Data excerpts
---------------

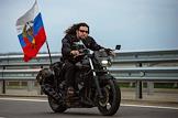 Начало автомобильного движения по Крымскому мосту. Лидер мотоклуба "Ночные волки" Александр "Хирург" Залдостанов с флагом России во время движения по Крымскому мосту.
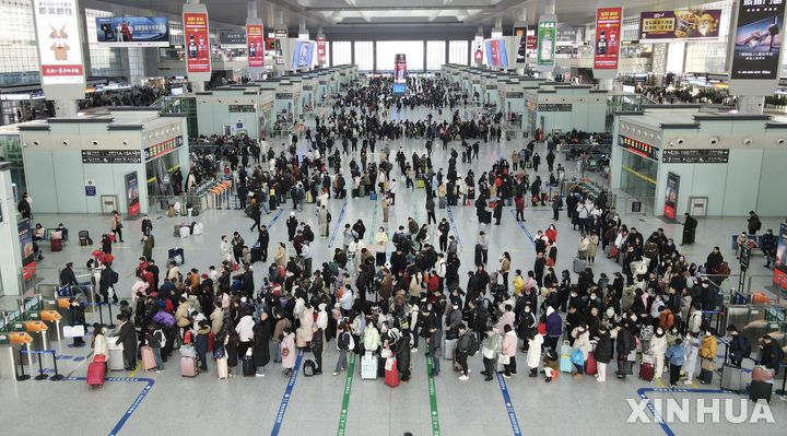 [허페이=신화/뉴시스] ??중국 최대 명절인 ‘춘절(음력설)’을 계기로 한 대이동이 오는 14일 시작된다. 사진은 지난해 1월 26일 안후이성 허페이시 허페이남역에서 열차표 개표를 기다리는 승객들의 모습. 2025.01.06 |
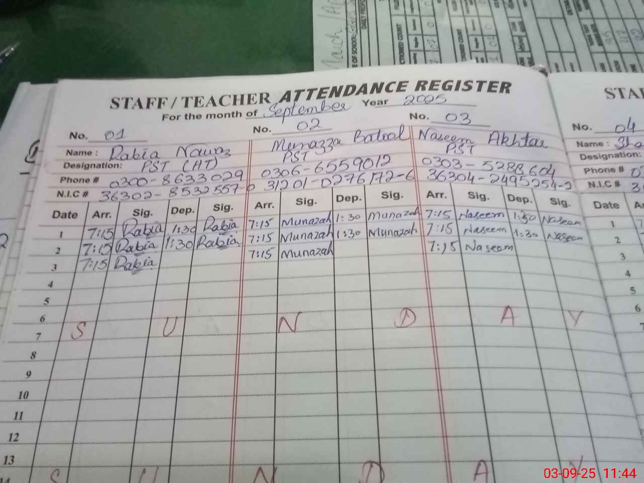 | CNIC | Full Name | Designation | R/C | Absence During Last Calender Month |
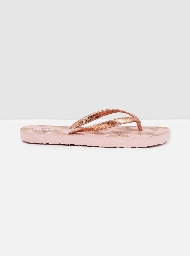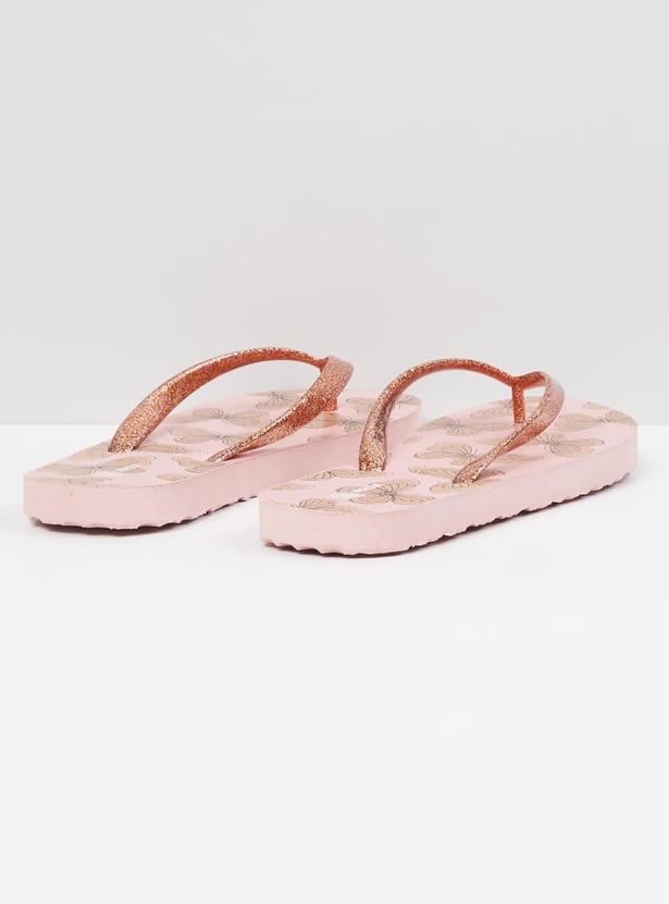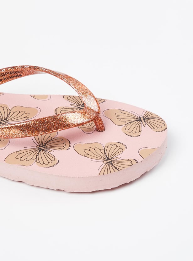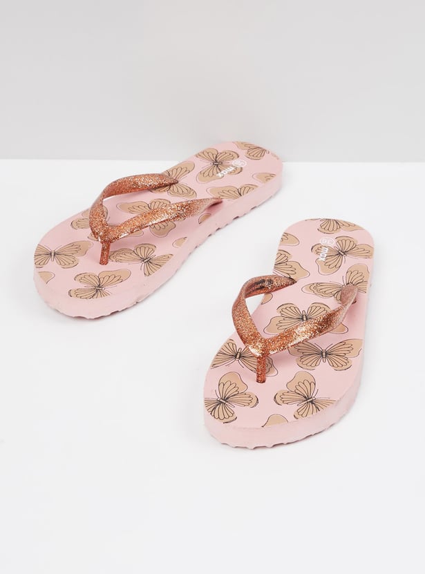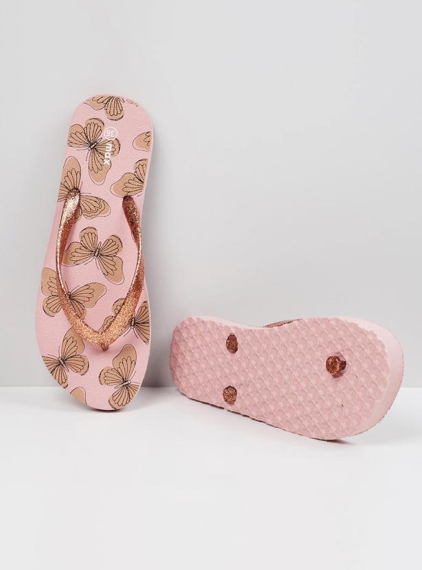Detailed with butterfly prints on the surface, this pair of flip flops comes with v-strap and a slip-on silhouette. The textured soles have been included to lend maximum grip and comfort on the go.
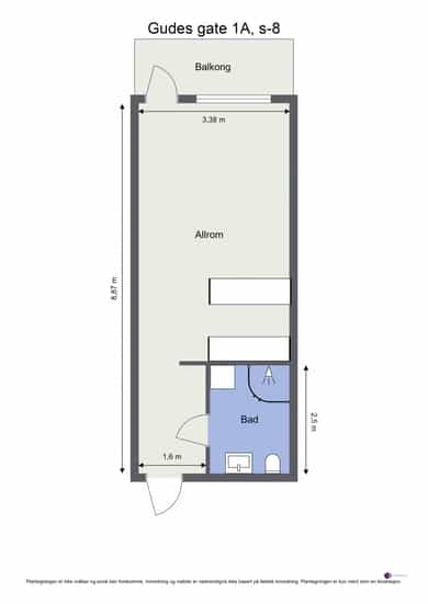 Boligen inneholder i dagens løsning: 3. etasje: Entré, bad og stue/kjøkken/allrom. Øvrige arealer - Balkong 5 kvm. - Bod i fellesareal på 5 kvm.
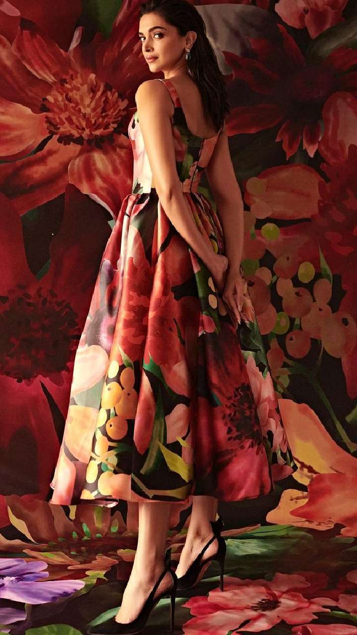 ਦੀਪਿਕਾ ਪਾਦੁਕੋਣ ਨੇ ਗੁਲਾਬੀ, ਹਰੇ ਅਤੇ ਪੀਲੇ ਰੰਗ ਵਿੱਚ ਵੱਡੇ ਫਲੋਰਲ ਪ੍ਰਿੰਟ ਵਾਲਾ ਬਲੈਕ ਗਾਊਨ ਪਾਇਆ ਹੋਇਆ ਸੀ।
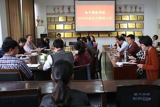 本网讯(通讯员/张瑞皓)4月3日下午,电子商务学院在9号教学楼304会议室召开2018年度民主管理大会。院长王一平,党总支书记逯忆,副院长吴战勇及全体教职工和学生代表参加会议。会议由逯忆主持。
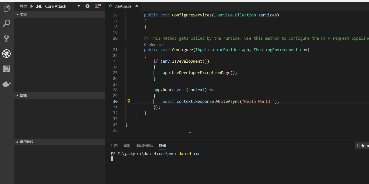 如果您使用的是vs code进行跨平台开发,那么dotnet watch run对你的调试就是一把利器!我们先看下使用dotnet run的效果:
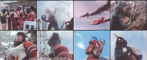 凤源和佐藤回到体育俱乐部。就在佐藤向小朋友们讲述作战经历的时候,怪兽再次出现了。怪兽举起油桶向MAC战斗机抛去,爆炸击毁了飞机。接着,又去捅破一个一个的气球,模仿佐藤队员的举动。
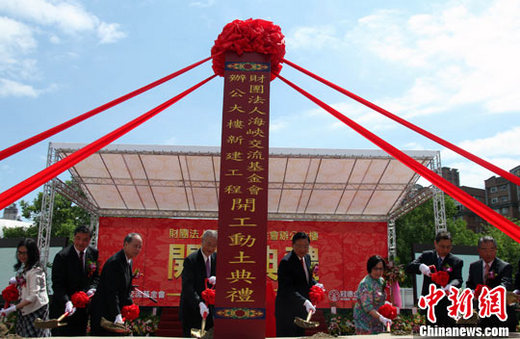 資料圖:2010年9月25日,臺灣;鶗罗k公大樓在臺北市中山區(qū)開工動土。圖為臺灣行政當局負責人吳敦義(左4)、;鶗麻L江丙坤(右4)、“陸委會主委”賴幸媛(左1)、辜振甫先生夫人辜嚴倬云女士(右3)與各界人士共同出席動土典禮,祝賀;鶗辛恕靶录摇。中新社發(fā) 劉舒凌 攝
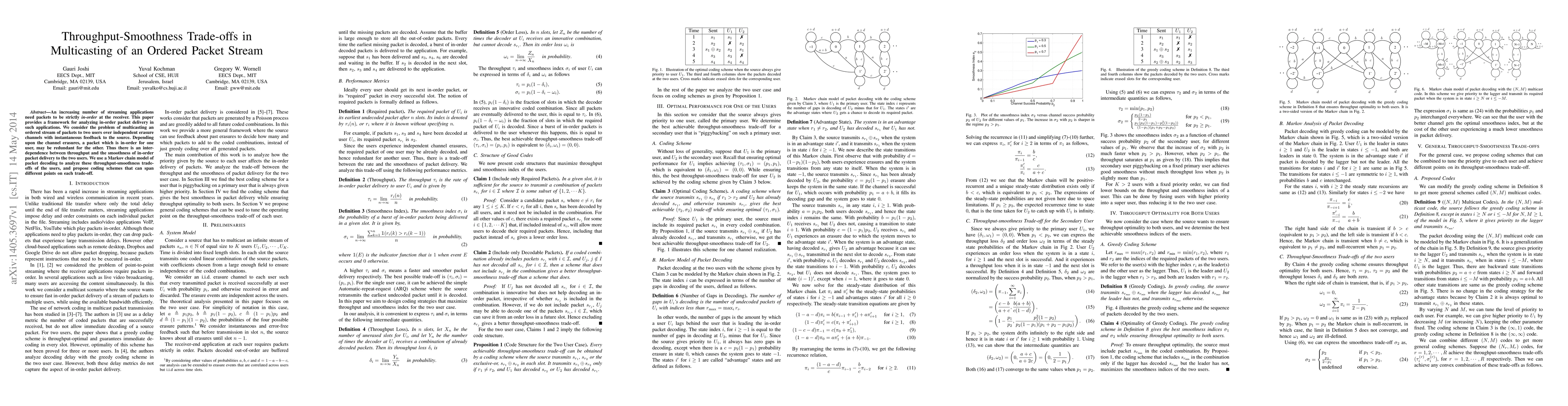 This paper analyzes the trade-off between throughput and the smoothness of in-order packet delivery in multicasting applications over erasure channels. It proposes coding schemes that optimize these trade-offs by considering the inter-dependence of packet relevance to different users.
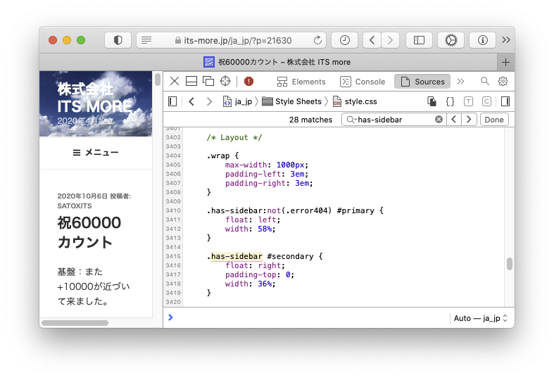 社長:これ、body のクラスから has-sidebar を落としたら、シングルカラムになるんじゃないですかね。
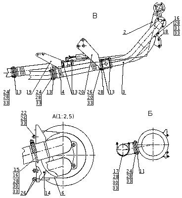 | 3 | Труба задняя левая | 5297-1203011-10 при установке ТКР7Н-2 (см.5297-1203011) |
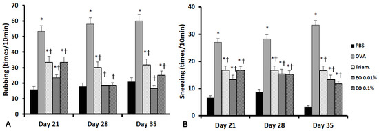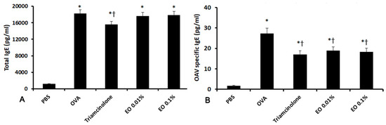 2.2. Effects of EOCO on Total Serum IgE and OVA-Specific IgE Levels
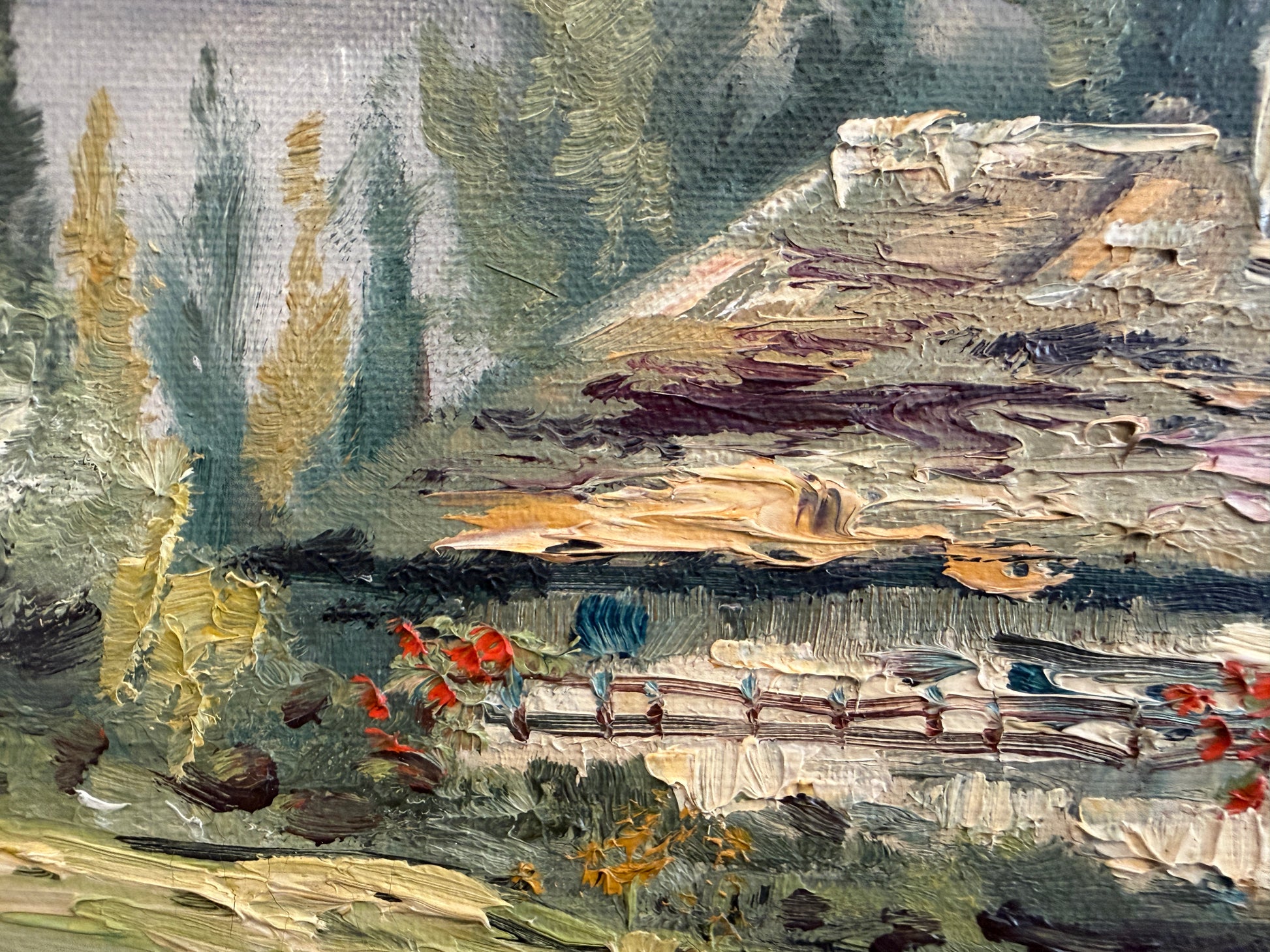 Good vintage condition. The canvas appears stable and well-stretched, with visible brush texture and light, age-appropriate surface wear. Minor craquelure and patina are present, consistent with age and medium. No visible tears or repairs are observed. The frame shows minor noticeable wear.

---------------

ABOUT THIS EXERCISE :: Please return the data above exactly as it stands from the line with "Detailed with butterfly" to the line with "ТКР7Н-2 (см.5297-1203011) |", keeping both of those lines but none of the pictures.

RESULT FOR THIS TASK ::
Detailed with butterfly prints on the surface, this pair of flip flops comes with v-strap and a slip-on silhouette. The textured soles have been included to lend maximum grip and comfort on the go.
 Boligen inneholder i dagens løsning: 3. etasje: Entré, bad og stue/kjøkken/allrom. Øvrige arealer - Balkong 5 kvm. - Bod i fellesareal på 5 kvm.
 ਦੀਪਿਕਾ ਪਾਦੁਕੋਣ ਨੇ ਗੁਲਾਬੀ, ਹਰੇ ਅਤੇ ਪੀਲੇ ਰੰਗ ਵਿੱਚ ਵੱਡੇ ਫਲੋਰਲ ਪ੍ਰਿੰਟ ਵਾਲਾ ਬਲੈਕ ਗਾਊਨ ਪਾਇਆ ਹੋਇਆ ਸੀ।
 本网讯(通讯员/张瑞皓)4月3日下午,电子商务学院在9号教学楼304会议室召开2018年度民主管理大会。院长王一平,党总支书记逯忆,副院长吴战勇及全体教职工和学生代表参加会议。会议由逯忆主持。
 如果您使用的是vs code进行跨平台开发,那么dotnet watch run对你的调试就是一把利器!我们先看下使用dotnet run的效果:
 凤源和佐藤回到体育俱乐部。就在佐藤向小朋友们讲述作战经历的时候,怪兽再次出现了。怪兽举起油桶向MAC战斗机抛去,爆炸击毁了飞机。接着,又去捅破一个一个的气球,模仿佐藤队员的举动。
 資料圖:2010年9月25日,臺灣;鶗罗k公大樓在臺北市中山區(qū)開工動土。圖為臺灣行政當局負責人吳敦義(左4)、;鶗麻L江丙坤(右4)、“陸委會主委”賴幸媛(左1)、辜振甫先生夫人辜嚴倬云女士(右3)與各界人士共同出席動土典禮,祝賀;鶗辛恕靶录摇。中新社發(fā) 劉舒凌 攝
 This paper analyzes the trade-off between throughput and the smoothness of in-order packet delivery in multicasting applications over erasure channels. It proposes coding schemes that optimize these trade-offs by considering the inter-dependence of packet relevance to different users.
 社長:これ、body のクラスから has-sidebar を落としたら、シングルカラムになるんじゃないですかね。
 | 3 | Труба задняя левая | 5297-1203011-10 при установке ТКР7Н-2 (см.5297-1203011) |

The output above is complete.